Write out exactly the lines of the entries below from the one holding "В прямоугольном треугольнике" to the one holding "150 short American", inclusive, and leave out all other lines.

GIVEN ENTRIES |
________________________

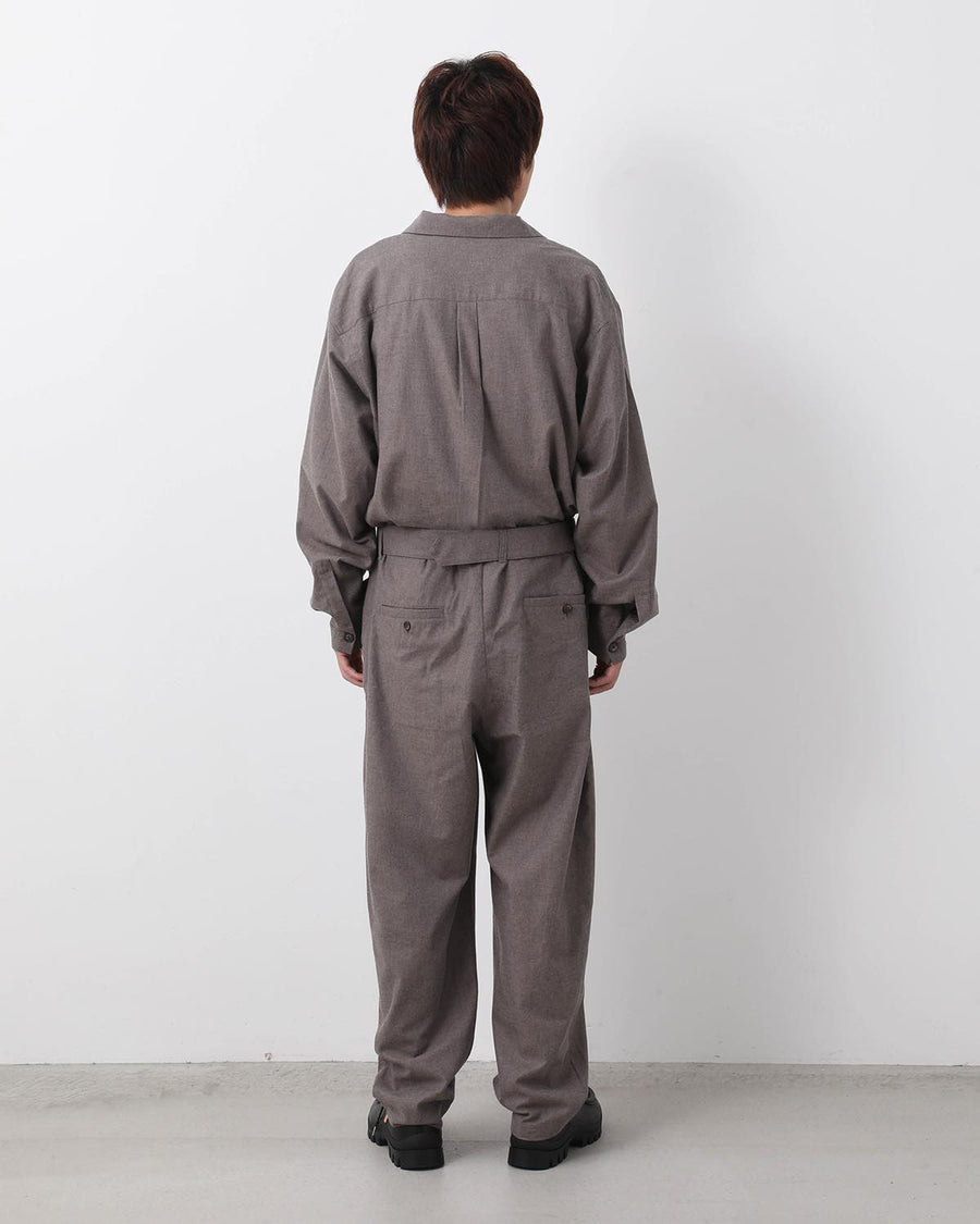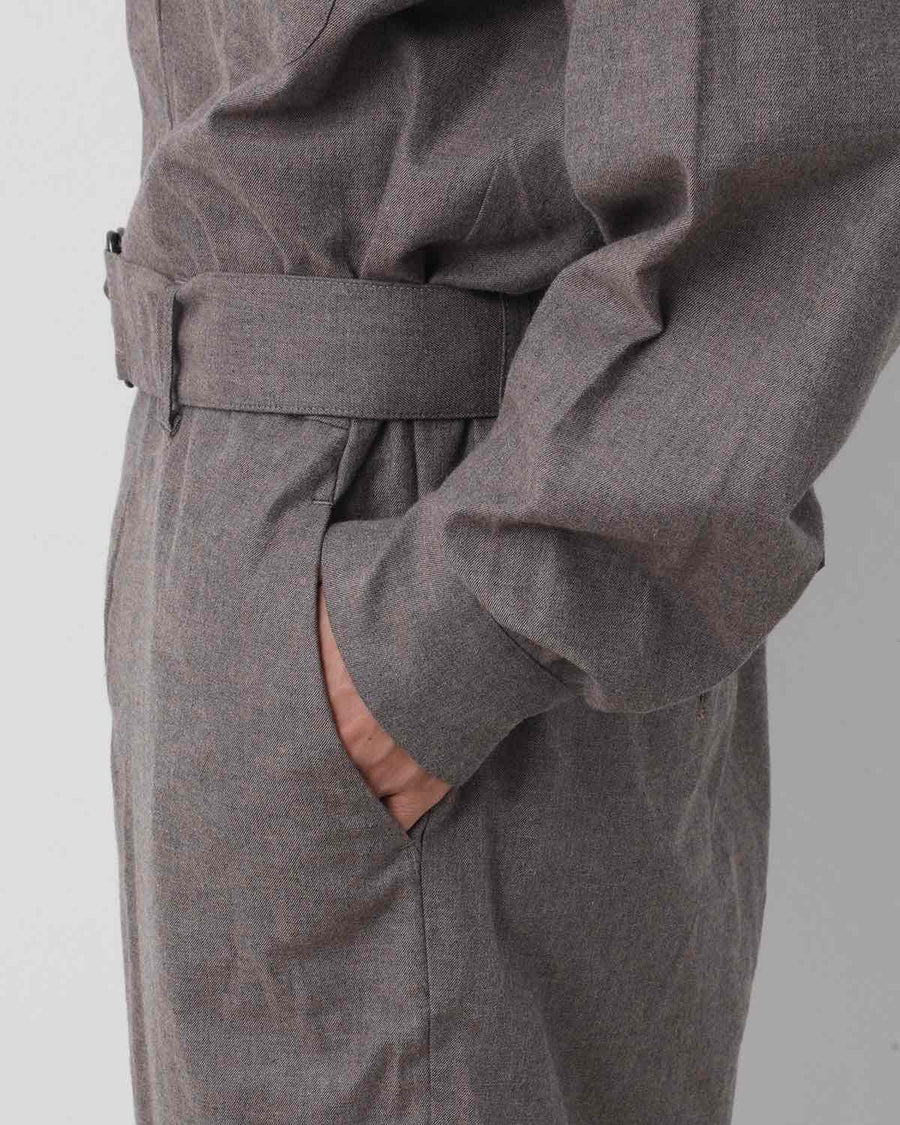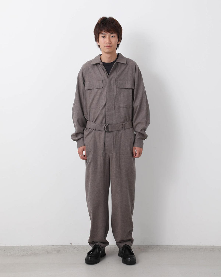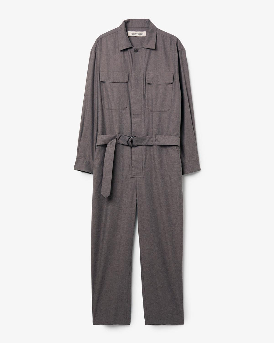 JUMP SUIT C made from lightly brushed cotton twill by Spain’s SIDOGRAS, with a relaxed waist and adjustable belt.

________________________

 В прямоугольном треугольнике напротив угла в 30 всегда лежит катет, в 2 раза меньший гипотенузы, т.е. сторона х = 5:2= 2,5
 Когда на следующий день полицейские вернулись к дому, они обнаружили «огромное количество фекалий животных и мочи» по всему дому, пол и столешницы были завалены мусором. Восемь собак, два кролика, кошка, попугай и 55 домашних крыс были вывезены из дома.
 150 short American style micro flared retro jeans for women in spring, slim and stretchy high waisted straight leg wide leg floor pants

________________________

RESULT OF THE EXERCISE |
 В прямоугольном треугольнике напротив угла в 30 всегда лежит катет, в 2 раза меньший гипотенузы, т.е. сторона х = 5:2= 2,5
 Когда на следующий день полицейские вернулись к дому, они обнаружили «огромное количество фекалий животных и мочи» по всему дому, пол и столешницы были завалены мусором. Восемь собак, два кролика, кошка, попугай и 55 домашних крыс были вывезены из дома.
 150 short American style micro flared retro jeans for women in spring, slim and stretchy high waisted straight leg wide leg floor pants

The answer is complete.